Colombia’s former Attorney General Néstor Humberto Martínez has harshly rebuked Colombia’s Vice President Francia Márquez, whom he has accused of being «delusional» in response to claims that during his time in the Attorney General’s Office FARC leaders such as ‘Jesús Santrich’ and ‘Iván Márquez’ were «entrapped» into renouncing the peace accords and returning to the path of arms.
«All the repudiation that has generated the handling of the expenses of the vice presidency and the use of the goose blankets, have delirious Doña Francia», has responded Martinez alluding to the controversy raised in Colombia by the 173 million (35,700 euros), which spent Casa Nariño in furnishing the facilities, including two pens of this mallard of four million each (825 euros).
Martínez’s departure is a response to some statements made by Márquez in a last interview to the newspaper ‘El Tiempo’, in whose pages he stated that some of the guerrillas of the now disbanded FARC who joined the 2016 peace accords «ended up leaving because of the entrapments that the whole country knows».
«It is a reality», remarked the Colombian vice-president in tune with other members of the new government of the president, Gustavo Petro, such as the Minister of Defense, Álvaro Leyva, who maintain that important figures of that guerrilla, such as Seuxis Pausias Hernández, ‘Jesús Santrich’, were «trapped».

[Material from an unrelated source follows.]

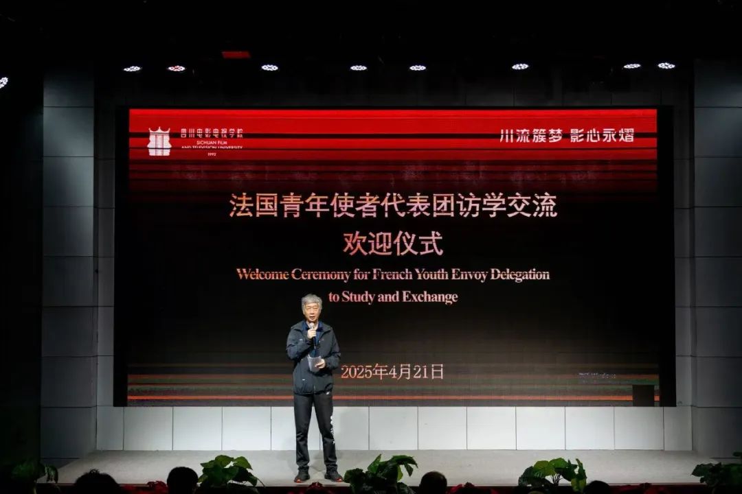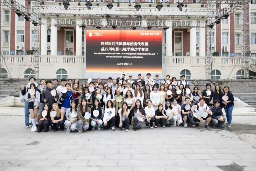 2025年4月21日,法国巴黎博苏埃高中校长和2名教师、40名高中生莅临我院,进行了一次深入考察访问,开启了一场光影与艺术的深入对话。四川电影电视学院副院长颜杰教授、设计与美术学院副院长董庆帅副教授、国际交流中心综合办主任卿倩副教授等出席欢迎仪式。 随后,带领法国青年访学团参观了四川影视文创城、图书馆、并对法国青年访学团的到来表示热烈欢迎。系列活动中,40余位法国青年访学团师生还和20余名设美学子一起体验了中国非遗手工漆扇的制作,中法学生欢聚一堂共唱《成都》等歌曲,气氛热烈,收获良多。

In the middle of this year, the Truth Commission published a report whose conclusions stated that ‘Jesús Santrich’ had been the victim of a set-up by the US Drug Enforcement Agency (DEA) and the Colombian Attorney General’s Office, whose head at the time, Néstor Humberto Martínez, authorized the use of cocaine to facilitate the arrest of the former guerrilla.

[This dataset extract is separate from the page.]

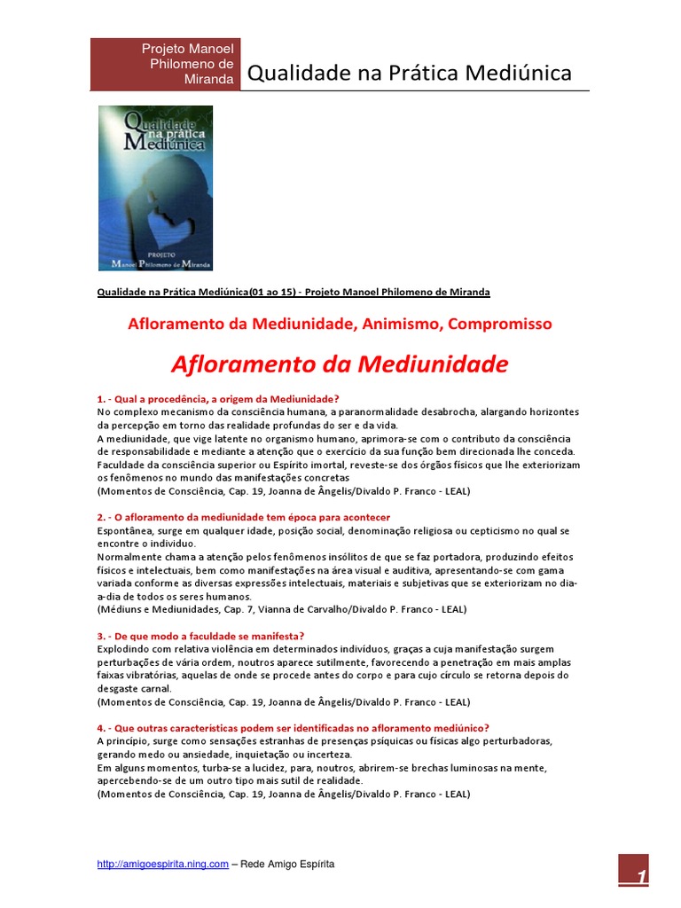 1. - Qual a procedência, a origem da Mediunidade? No complexo mecanismo da consciência humana, a paranormalidade desabrocha, alargando horizontes da percepção em torno das realidade profundas do ser e da vida. A mediunidade, que vige latente no organismo humano, aprimora-se com o contributo da consciência de responsabilidade e mediante a atenção que o exercício da sua função bem direcionada lhe conceda. Faculdade da consciência superior ou Espírito imortal, reveste-se dos órgãos físicos que lhe exteriorizam os fenômenos no mundo das manifestações concretas (Momentos de Consciência, Cap. 19, Joanna de Ângelis/Divaldo P. Franco - LEAL) 2. - O afloramento da mediunidade tem época para acontecer Espontânea, surge em qualquer idade, posição social, denominação religiosa ou cepticismo no qual se encontre o individuo. Normalmente chama a atenção pelos fenômenos insólitos de que se faz portadora, produzindo efeitos físicos e intelectuais, bem como manifestações na área visual e auditiva, apresentando-se com gama variada conforme as diversas expressões intelectuais, materiais e subjetivas que se exteriorizam no diaa-dia de todos os seres humanos. (Médiuns e Mediunidades, Cap. 7, Vianna de Carvalho/Divaldo P. Franco - LEAL) 3. - De que modo a faculdade se manifesta? Explodindo com relativa violência em determinados indivíduos, graças a cuja manifestação surgem perturbações de vária ordem, noutros aparece sutilmente, favorecendo a penetração em mais amplas faixas vibratórias, aquelas de onde se procede antes do corpo e para cujo círculo se retorna depois do desgaste carnal. (Momentos de Consciência, Cap. 19, Joanna de Ângelis/Divaldo P. Franco - LEAL) 4. - Que outras características podem ser identificadas no afloramento mediúnico? A princípio, surge como sensações estranhas de presenças psíquicas ou físicas algo perturbadoras, gerando medo ou ansiedade, inquietação ou incerteza. Em alguns momentos, turba-se a lucidez, para, noutros, abrirem-se brechas luminosas na mente, apercebendo-se de um outro tipo mais sutil de realidade. (Momentos de Consciência, Cap. 19, Joanna de Ângelis/Divaldo P. Franco - LEAL)

Martínez has always denied the major and has responded to Vice President Márquez that the judicial process against, for example, Luciano Marín Arango, alias ‘Iván Márquez, was advanced by the US Attorney General at the time, William Barr, for his relationship with the notorious Cartel of the Suns, allegedly formed by government officials and the Venezuelan Armed Forces.
«Could it be that France Márquez does not distinguish between the Attorney General of Colombia and that of the United States?» wondered Martínez, who has accused Márquez of being «looking for pretexts to benefit deserters who betrayed peace» and reminded him that «never» was ‘Iván Márquez’ investigated for facts subsequent to the Havana agreements of 2016.